**YOUR OBJECTIVE:**
Copy the records below exactly, leaving out every picture.

**DATA FOR ANALYSIS:**
━━━━━━━━━━━━━━━━
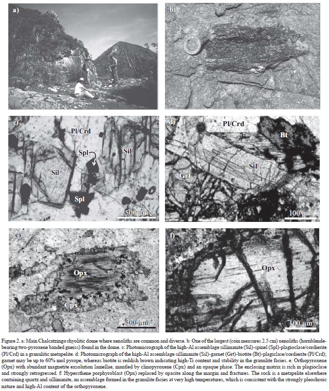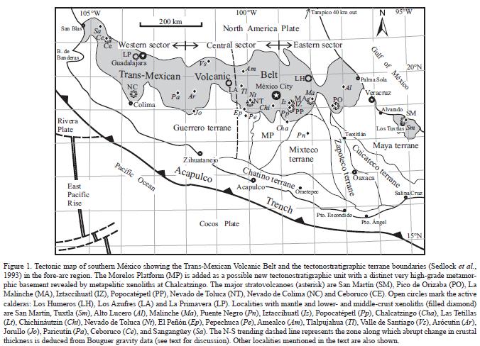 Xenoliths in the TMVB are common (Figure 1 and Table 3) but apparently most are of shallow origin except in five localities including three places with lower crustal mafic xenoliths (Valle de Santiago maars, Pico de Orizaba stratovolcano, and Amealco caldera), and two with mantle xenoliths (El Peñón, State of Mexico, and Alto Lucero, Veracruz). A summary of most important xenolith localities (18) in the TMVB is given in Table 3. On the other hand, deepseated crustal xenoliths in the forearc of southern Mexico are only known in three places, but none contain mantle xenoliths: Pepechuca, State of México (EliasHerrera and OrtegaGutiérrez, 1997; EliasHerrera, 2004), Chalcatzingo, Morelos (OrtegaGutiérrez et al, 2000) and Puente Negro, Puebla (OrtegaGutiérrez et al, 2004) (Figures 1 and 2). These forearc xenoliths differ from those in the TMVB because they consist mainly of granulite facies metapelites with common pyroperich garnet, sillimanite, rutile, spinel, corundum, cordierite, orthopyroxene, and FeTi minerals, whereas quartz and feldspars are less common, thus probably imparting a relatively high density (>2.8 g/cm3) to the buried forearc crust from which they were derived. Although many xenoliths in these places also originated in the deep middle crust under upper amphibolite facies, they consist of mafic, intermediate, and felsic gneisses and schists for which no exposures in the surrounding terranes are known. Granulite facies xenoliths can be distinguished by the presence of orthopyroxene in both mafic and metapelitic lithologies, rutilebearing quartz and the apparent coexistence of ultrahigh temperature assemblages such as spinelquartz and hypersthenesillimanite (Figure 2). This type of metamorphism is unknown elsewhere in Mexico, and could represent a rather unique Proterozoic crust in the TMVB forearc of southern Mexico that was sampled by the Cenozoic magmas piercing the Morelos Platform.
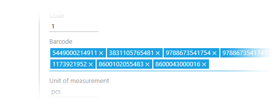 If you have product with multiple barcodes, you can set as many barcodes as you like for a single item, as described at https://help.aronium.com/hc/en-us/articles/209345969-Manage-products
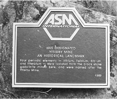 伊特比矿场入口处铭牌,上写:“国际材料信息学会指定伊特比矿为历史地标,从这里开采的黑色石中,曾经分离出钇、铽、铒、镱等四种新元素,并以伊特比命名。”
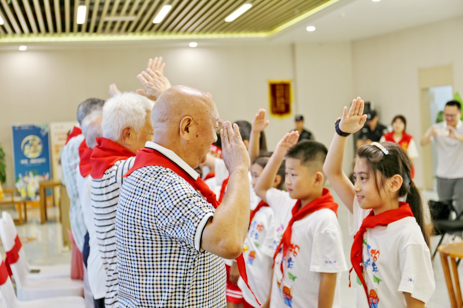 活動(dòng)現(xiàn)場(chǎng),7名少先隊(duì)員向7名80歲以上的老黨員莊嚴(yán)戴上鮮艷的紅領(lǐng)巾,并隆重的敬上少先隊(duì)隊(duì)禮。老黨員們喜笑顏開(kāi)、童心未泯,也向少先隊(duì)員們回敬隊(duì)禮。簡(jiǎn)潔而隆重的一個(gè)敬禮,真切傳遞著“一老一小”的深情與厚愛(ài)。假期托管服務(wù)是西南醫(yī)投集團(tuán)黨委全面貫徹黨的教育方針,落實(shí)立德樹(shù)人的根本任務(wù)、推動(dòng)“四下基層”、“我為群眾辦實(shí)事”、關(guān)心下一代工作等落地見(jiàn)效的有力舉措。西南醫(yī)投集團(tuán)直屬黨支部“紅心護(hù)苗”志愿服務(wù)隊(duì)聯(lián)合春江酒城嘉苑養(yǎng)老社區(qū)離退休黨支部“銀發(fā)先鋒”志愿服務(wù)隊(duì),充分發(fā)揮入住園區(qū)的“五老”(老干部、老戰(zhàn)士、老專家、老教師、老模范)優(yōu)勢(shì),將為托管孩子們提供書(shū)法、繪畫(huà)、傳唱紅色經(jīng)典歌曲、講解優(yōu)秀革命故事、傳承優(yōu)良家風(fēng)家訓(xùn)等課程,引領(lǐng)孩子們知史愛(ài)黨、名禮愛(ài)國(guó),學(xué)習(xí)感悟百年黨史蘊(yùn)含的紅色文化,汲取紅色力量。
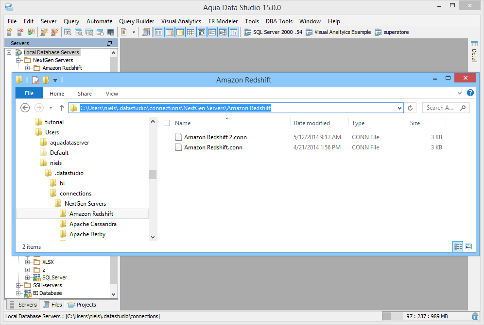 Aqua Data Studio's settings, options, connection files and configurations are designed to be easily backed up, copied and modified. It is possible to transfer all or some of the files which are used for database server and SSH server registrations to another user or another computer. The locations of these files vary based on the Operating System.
━━━━━━━━━━━━━━━━
**ANSWER SPACE:**
 Xenoliths in the TMVB are common (Figure 1 and Table 3) but apparently most are of shallow origin except in five localities including three places with lower crustal mafic xenoliths (Valle de Santiago maars, Pico de Orizaba stratovolcano, and Amealco caldera), and two with mantle xenoliths (El Peñón, State of Mexico, and Alto Lucero, Veracruz). A summary of most important xenolith localities (18) in the TMVB is given in Table 3. On the other hand, deepseated crustal xenoliths in the forearc of southern Mexico are only known in three places, but none contain mantle xenoliths: Pepechuca, State of México (EliasHerrera and OrtegaGutiérrez, 1997; EliasHerrera, 2004), Chalcatzingo, Morelos (OrtegaGutiérrez et al, 2000) and Puente Negro, Puebla (OrtegaGutiérrez et al, 2004) (Figures 1 and 2). These forearc xenoliths differ from those in the TMVB because they consist mainly of granulite facies metapelites with common pyroperich garnet, sillimanite, rutile, spinel, corundum, cordierite, orthopyroxene, and FeTi minerals, whereas quartz and feldspars are less common, thus probably imparting a relatively high density (>2.8 g/cm3) to the buried forearc crust from which they were derived. Although many xenoliths in these places also originated in the deep middle crust under upper amphibolite facies, they consist of mafic, intermediate, and felsic gneisses and schists for which no exposures in the surrounding terranes are known. Granulite facies xenoliths can be distinguished by the presence of orthopyroxene in both mafic and metapelitic lithologies, rutilebearing quartz and the apparent coexistence of ultrahigh temperature assemblages such as spinelquartz and hypersthenesillimanite (Figure 2). This type of metamorphism is unknown elsewhere in Mexico, and could represent a rather unique Proterozoic crust in the TMVB forearc of southern Mexico that was sampled by the Cenozoic magmas piercing the Morelos Platform.
 If you have product with multiple barcodes, you can set as many barcodes as you like for a single item, as described at https://help.aronium.com/hc/en-us/articles/209345969-Manage-products
 伊特比矿场入口处铭牌,上写:“国际材料信息学会指定伊特比矿为历史地标,从这里开采的黑色石中,曾经分离出钇、铽、铒、镱等四种新元素,并以伊特比命名。”
 活動(dòng)現(xiàn)場(chǎng),7名少先隊(duì)員向7名80歲以上的老黨員莊嚴(yán)戴上鮮艷的紅領(lǐng)巾,并隆重的敬上少先隊(duì)隊(duì)禮。老黨員們喜笑顏開(kāi)、童心未泯,也向少先隊(duì)員們回敬隊(duì)禮。簡(jiǎn)潔而隆重的一個(gè)敬禮,真切傳遞著“一老一小”的深情與厚愛(ài)。假期托管服務(wù)是西南醫(yī)投集團(tuán)黨委全面貫徹黨的教育方針,落實(shí)立德樹(shù)人的根本任務(wù)、推動(dòng)“四下基層”、“我為群眾辦實(shí)事”、關(guān)心下一代工作等落地見(jiàn)效的有力舉措。西南醫(yī)投集團(tuán)直屬黨支部“紅心護(hù)苗”志愿服務(wù)隊(duì)聯(lián)合春江酒城嘉苑養(yǎng)老社區(qū)離退休黨支部“銀發(fā)先鋒”志愿服務(wù)隊(duì),充分發(fā)揮入住園區(qū)的“五老”(老干部、老戰(zhàn)士、老專家、老教師、老模范)優(yōu)勢(shì),將為托管孩子們提供書(shū)法、繪畫(huà)、傳唱紅色經(jīng)典歌曲、講解優(yōu)秀革命故事、傳承優(yōu)良家風(fēng)家訓(xùn)等課程,引領(lǐng)孩子們知史愛(ài)黨、名禮愛(ài)國(guó),學(xué)習(xí)感悟百年黨史蘊(yùn)含的紅色文化,汲取紅色力量。
 Aqua Data Studio's settings, options, connection files and configurations are designed to be easily backed up, copied and modified. It is possible to transfer all or some of the files which are used for database server and SSH server registrations to another user or another computer. The locations of these files vary based on the Operating System.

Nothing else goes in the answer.